§ **Recorded data**:
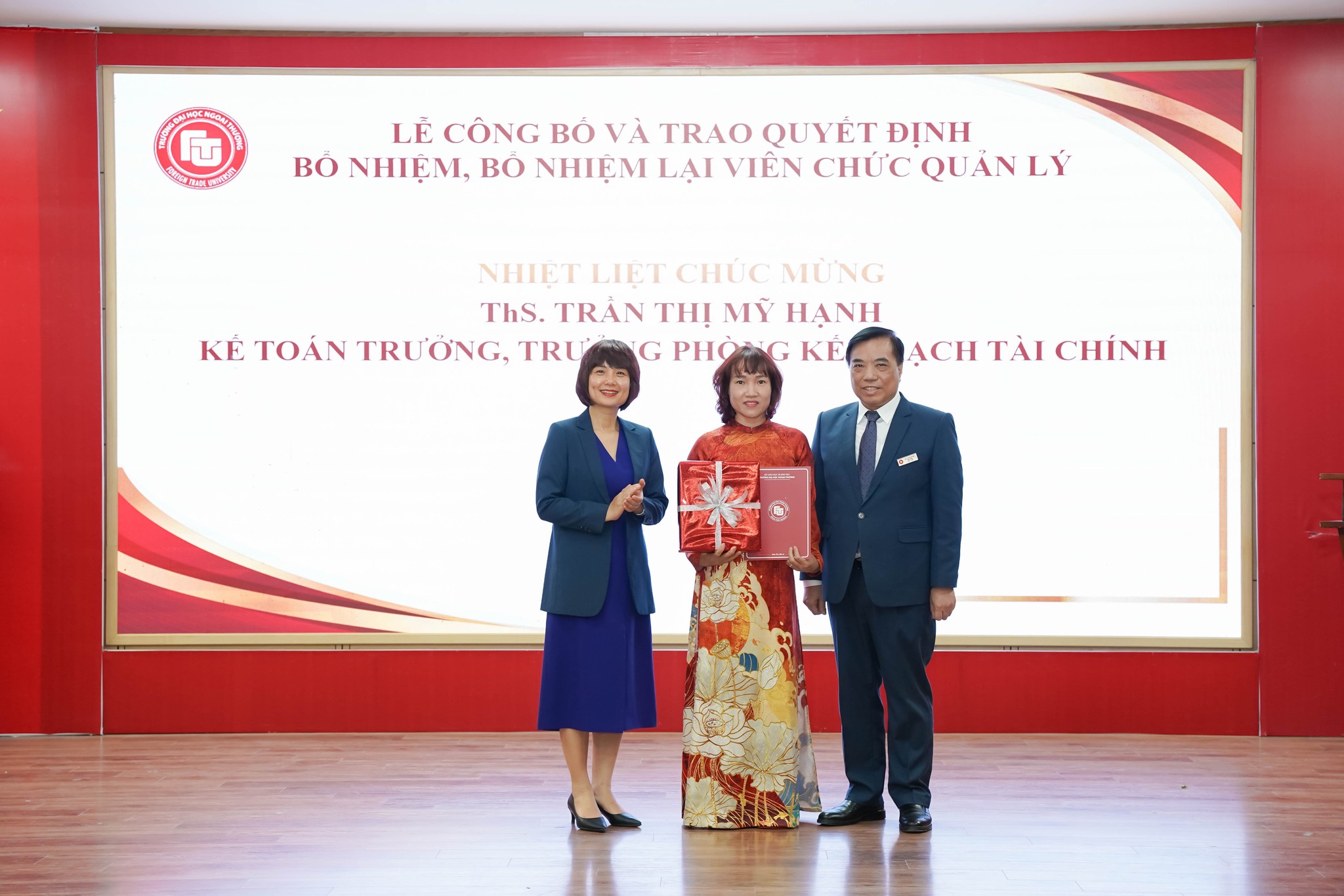 Trao Quyết định bổ nhiệm lại ThS. Trần Thị Mỹ Hạnh giữ chức Trưởng phòng Kế hoạch - Tài chính, Kế toán trưởng.
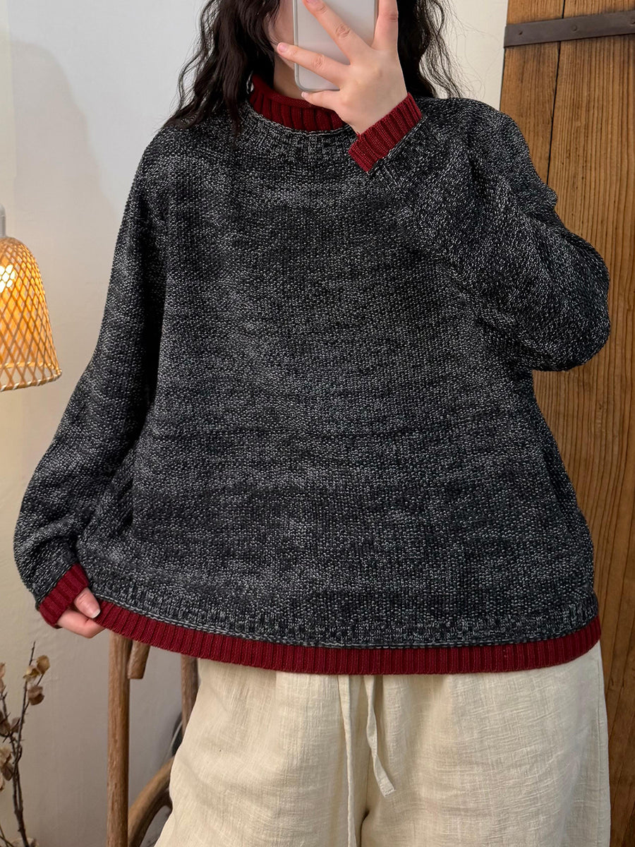 Women Autumn Artsy Colorblock Turtleneck Knitted Sweater
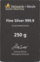 Technische Details des 250g Silberbarren Heimerle und Meule

§ **Task objective**: Without including any picture, write out the material above verbatim.

§ **Solution**:
 Trao Quyết định bổ nhiệm lại ThS. Trần Thị Mỹ Hạnh giữ chức Trưởng phòng Kế hoạch - Tài chính, Kế toán trưởng.
 Women Autumn Artsy Colorblock Turtleneck Knitted Sweater
 Technische Details des 250g Silberbarren Heimerle und Meule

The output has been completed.